The Republican Party has benefited electorally from the creation of this neofascist voting bloc. The Alt-Right tends to lionize big capitalist personalities and desires upward mobility to join the elite. Meanwhile, this bloc expresses hatred toward both elitist political and cultural leaders for blocking their road to wealth as well as toward the working class. In 1951, the prominent US sociologist C. Wright Mills offered the following characterization of the US middle classes:

They are rear guarders. In the shorter run, they will follow the panicky ways of prestige; in the longer run, they will follow the ways of power, for, in the end, prestige is determined by power. In the meantime, on the political marketplace… the new middle classes are up for sale; whoever seems respectable enough, strong enough, can probably have them. So far, nobody has made a serious bid.41

The Trump administration directed the lower middle class’s resentment of their deteriorating economic situation toward China. The US economy has never fully recovered from the subprime mortgage crisis of 2008, when loose monetary policy enabled big capitalists to reap enormous profits while the working class and the lower middle class suffered great losses. The latter group, angry and frustrated with their situation and in dire need of a spokesperson, was mobilized by Trump to become his key vote bank with the help of white supremacy, racial capitalism, and a New Cold War to suppress China as an opponent in an all-out manner.

Today, hostility toward China has become widespread across the US population. The impression that China is the arch enemy of the free world and the greatest threat to the United States has been emphatically reinforced by mainstream media outlets and internet platforms, while freedom of speech for those who oppose this dangerous trend has been increasingly restricted.

Any acknowledgement of Russian and Chinese perspectives or criticism of US foreign policy toward these countries meets strong public criticism. Public opinion in the United States increasingly resembles the McCarthyist period of the 1950s and, in certain ways, the social climate bears disturbing similarities to that of Germany in the early 1930s.

Outsiders often misunderstand the real nature of checks and balances and the separation of powers in the US political system. Unlike the history of European constitutional reforms that were spawned by social revolutionary movements, the US Constitution, which was originally founded by a group of property holders (including slaveholders), was designed from the beginning to protect the rights of private property owners against what they feared could become mob majoritarian rule. To this day, the constitution allows for the dismantling of most traditional bourgeois social and legal rights.

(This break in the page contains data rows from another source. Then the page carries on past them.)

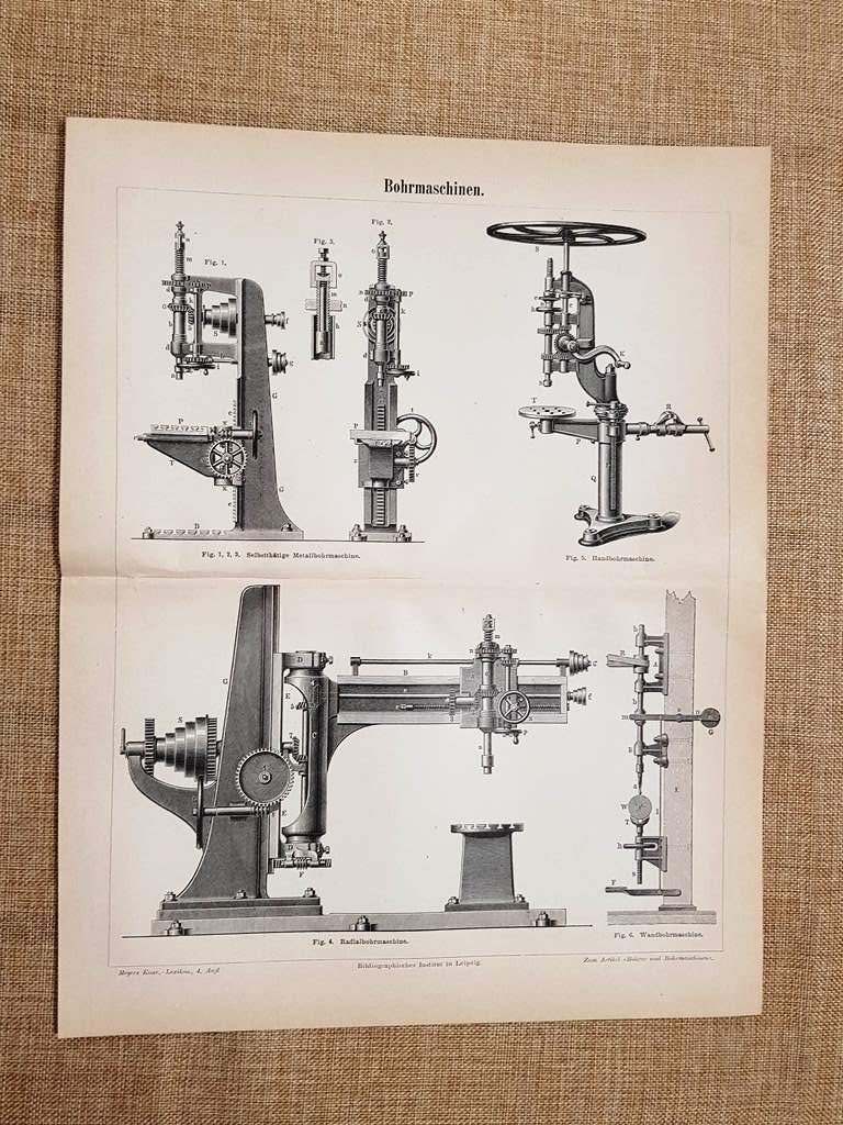Macchine perforatrici Tavola del 1890 Rara tavola estratta da pubblicazione del 1890  Stampata su carta non retroscritta Macchine perforatrici  Dimensioni: Cm 30,00 x 23,00 Codice prodotto: GEO-151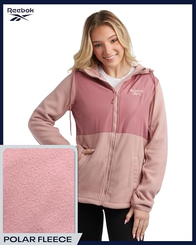 Reebok Womens Fleece Jacket – Lightweight Super Soft Polar Fleece Lined Outerwear – Zip Up Hooded Winter Jackets for Women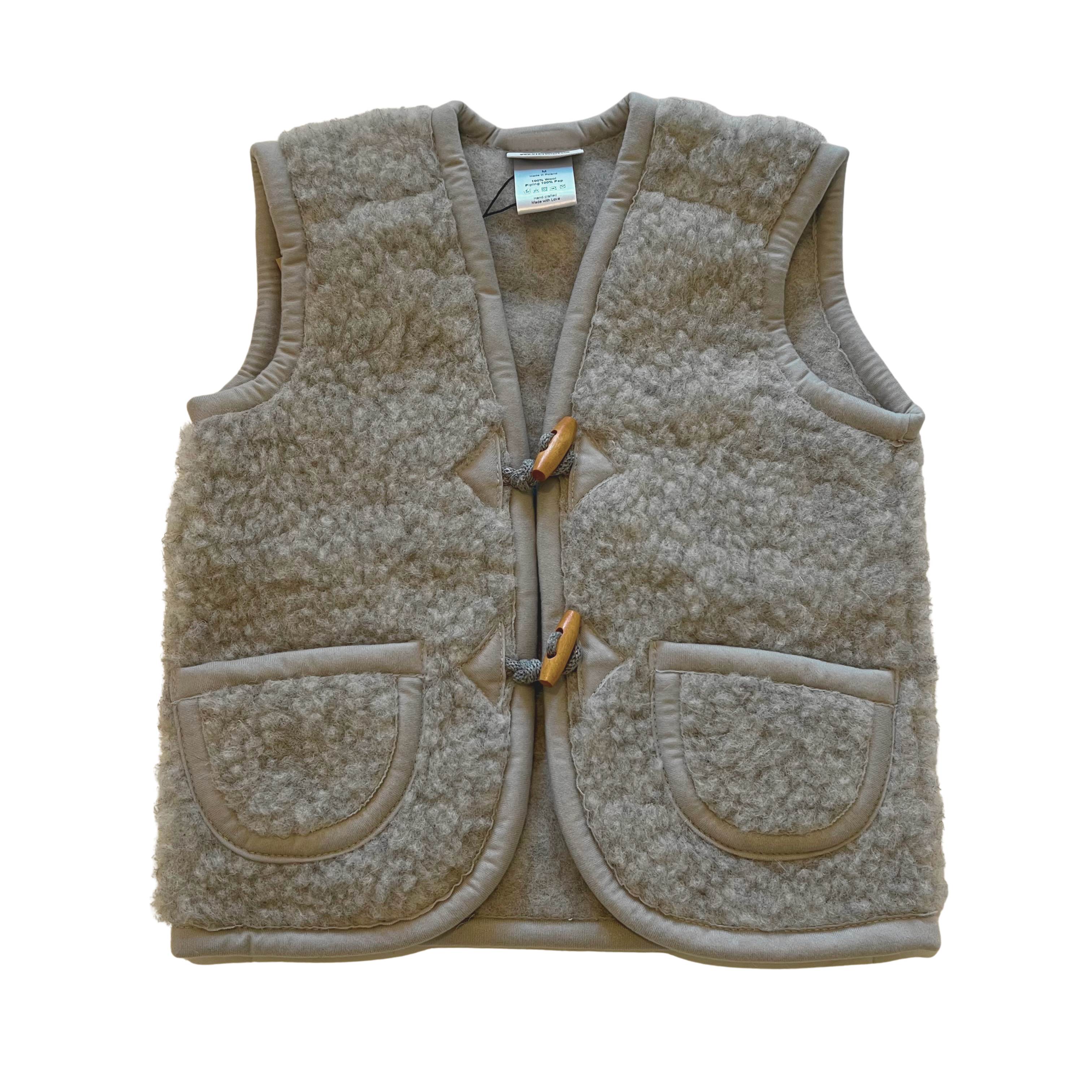 Made from 100% natural merino wool, they are breathable and incredibly durable. Depending on the size, the body warmers fasten with one or two stylish toggle buttons and have pockets from size 98/104.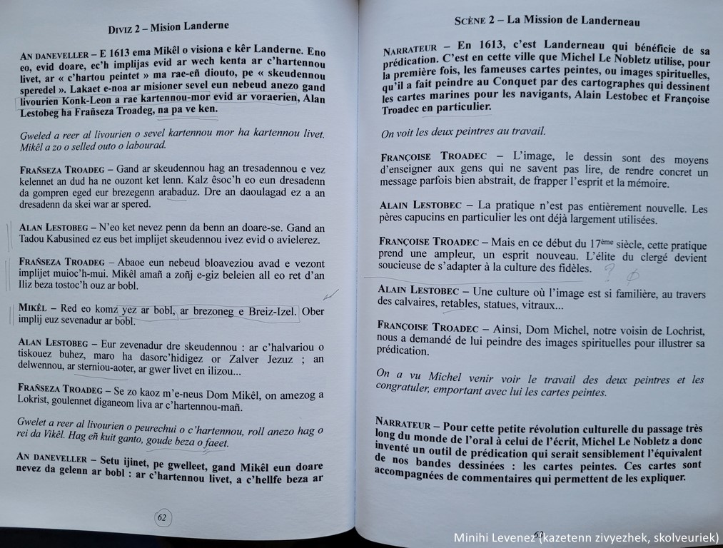 . « Buhez Mikêl an Nobletz ». Pez-C’hoari gand Goulc’han Kervella. Kazetenn ar Minihi Levenez http://www.minihi-levenez.com/ (Niverenn 181, Kerzu 2023). Div-yezhek. Brezoneg (doare-skrivañ skolveuriek) / Galleg. Eur pez-c’hoari savet ha leurennet gant Goulc’han Kervella euz strollad Ar Vro Bagan ha c’hoariet gand re yaouank.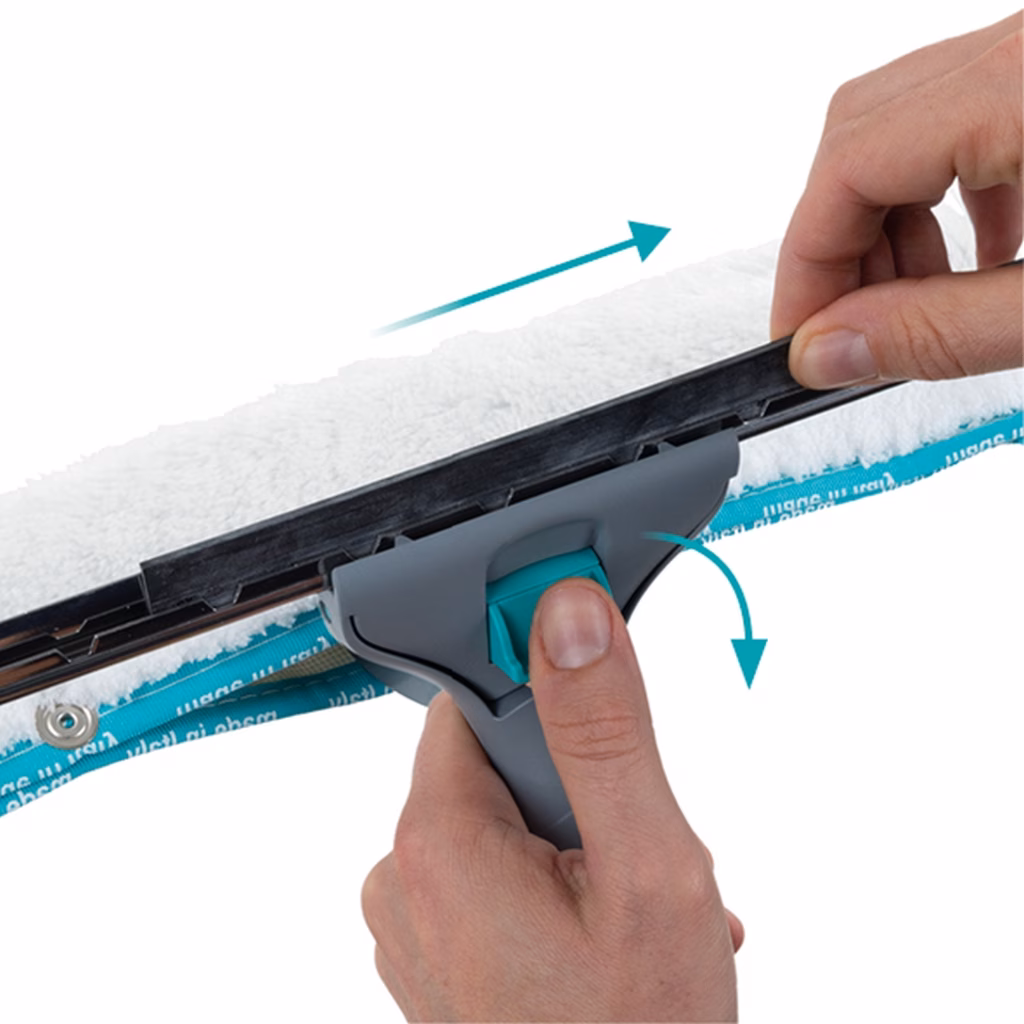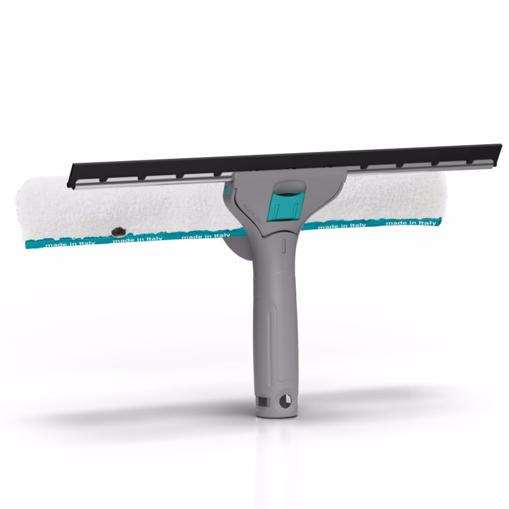 Tergivetro in poliammide con lamina intercambiabile, leva di blocco e attacco sistema Lampo e supporto vello in alluminio con ricambio vello in microfibra - un solo strumento, due operazioni: è sufficiente ruotare l'attrezzo per lavare o asciugare la superficie risparmiando tempo

Measures such as the electoral college, which was originally implemented to protect the interests of southern slave-holding and other smaller rural states, were designed to impede the people’s direct vote for president (one person, one vote). This undemocratic system, which is safeguarded by a difficult and onerous process to amend the constitution, resulted in both Bush Jr. and Trump winning the presidency despite receiving fewer votes than their respective opponents.

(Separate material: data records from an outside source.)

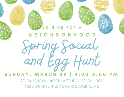 Join us for our Fifth Annual Neighborhood Spring Social on Sunday, March 29 from 4-6 PM at Fairview United Methodist Church- 3200 Chapel Hill Road.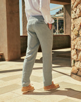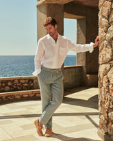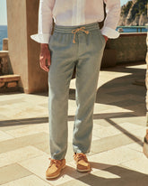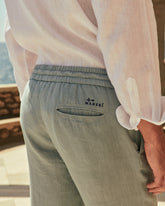 Made in Italy from washed linen, they feature an elastic waistband, functional pockets, and a refined embroidered logo.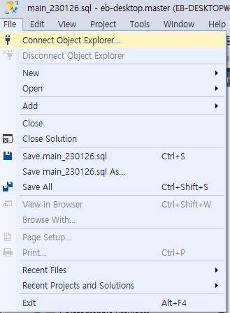 - File - Connect Object Exploer

Despite the eventual extension of voting rights to Black people, women, and those without property, voter disenfranchisement continues to this day. As of 2021, 19 states had enacted a total of 34 voter suppression laws that could limit the voting rights of up to 55 million voters in those states.42 Meanwhile, the unelected Supreme Court has the power to overturn voting rights legislation, strike down affirmative action, and allow religious organizations to abridge civil rights.

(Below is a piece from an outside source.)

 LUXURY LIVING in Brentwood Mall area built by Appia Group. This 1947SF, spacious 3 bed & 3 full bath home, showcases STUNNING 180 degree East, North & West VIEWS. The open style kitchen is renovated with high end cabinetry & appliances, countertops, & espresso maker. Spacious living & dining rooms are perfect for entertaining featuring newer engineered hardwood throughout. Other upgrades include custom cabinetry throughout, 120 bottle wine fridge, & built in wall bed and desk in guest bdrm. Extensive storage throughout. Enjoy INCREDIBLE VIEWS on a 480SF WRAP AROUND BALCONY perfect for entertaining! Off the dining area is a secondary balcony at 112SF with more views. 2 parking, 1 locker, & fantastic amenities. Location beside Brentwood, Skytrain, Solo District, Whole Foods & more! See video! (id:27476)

A 2010 Supreme Court ruling known as Citizens United removed limits on private and corporate contributions to elections, making them a contest of financial strength.43 In the 2020 elections, overall spending for the presidential, congressional, and Senate races was $14 billion.44  In addition to financial competition, there is also psychological-technological competition: the persuasive technological tools based on social media, behavioral economics, and Big Data play a huge role in shaping electoral processes.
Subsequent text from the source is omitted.